Но и мелодию дослушать хотелось…
Потом развернулся к соседнему креслу, подтянул к себе большой бумажный пакет с продуктами, обнял его правой рукой и очень осторожно вместил в объятия левой. Рука тут же отозвалась тупой болью. Осторожнее надо будет…
Поворачиваясь всем корпусом, чтобы левая рука работала с плечом как неподвижное целое, осторожно выбрался из машины, захлопнул дверцу и взошел на крыльцо.
В левой руке разгоралась боль, но держать пакет надо ей. Правая мне еще понадобится.
Я встал под массивной металлической дверью, резко выбивавшейся из облика всего домика — такого старенького и заброшенного с виду, — и позвонил.
Ждать пришлось минуты две.
Сначала в окне сбоку, за горизонтальными полосками жалюзи, в светлых линиях мелькнула тень. Через несколько секунд громко щелкнул замок. Я потянул на себя тяжелую металлическую дверь и вошел.
— А, Владик…
На миг я увидел его улыбку, но она тут же спряталась жестких складках его лица.
Старик… У него всего один клок седых волос на левом виске, а остальные черные, как смоль. На самом деле ему пятьдесят один, а в силе рукопожатия он даст фору любому из нас. Да и не только в телесной силе — он куда опытнее любого из нас. Старик давил этих чертовых сук, когда я еще с горшка под стол бегал.
Давил их умело и много. До тех пор, пока не потерял обе ноги и левую руку.
— Вот, к чаю попить привез… — начал я.
Голубые глаза старика буравили меня, и я знал, что он прекрасно читает все мои мысли.
— Ага, к чаю… Знаем мы ваш чай. Нет чтоб хоть раз в год просто так старика навестить. Куда там!
Он раздраженно хлопнул правой рукой и протезом левой по колесам кресла, от души дернул ободы. Развернул кресло и покатил по коридору обратно.

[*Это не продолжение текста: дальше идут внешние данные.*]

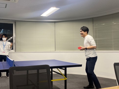 オフィスde卓球:社内交流の時間を増やすため、社内に卓球台を設置。

Пробурчал, не оглядываясь:
— Ты так совсем мою девочку ухайдакаешь, Крамер… Который уже раз за месяц?
Я ничего не ответил. Просто прикрыл дверь и пошел следом.
Нам сегодня предстоит серьезный разговор, но не сейчас. Старик может брюзжать, может злиться, но он человек дела. И поэтому…
— Продукты пока разгрузи, — скомандовал Старик и повернул влево.
Туда, где когда‑то была другая квартира, пока Старик не объединил весь первый этаж в одну. Он покатил в дальний конец дома, а я прошел на кухню и стал разгружать пакеты.
Потом пошел в гостиную, но не удержался, заглянул в кабинет. Как всегда, здесь пахло книгами, а на столе — огромном, как бильярдный, письменном столе в четверть комнаты — кавардак из исписанных листов бумаги, раскрытых книг вверх и вниз разворотами, чтобы не перелистывались и не захлопывались, томов побольше и огроменных томищ.
Поверх всего — одна из их книг. Издали разворот, если не всматриваться, похож на обрывки жирной паучьей сети. Ближе к краю стола разложен еще какой‑то старинный фолиант…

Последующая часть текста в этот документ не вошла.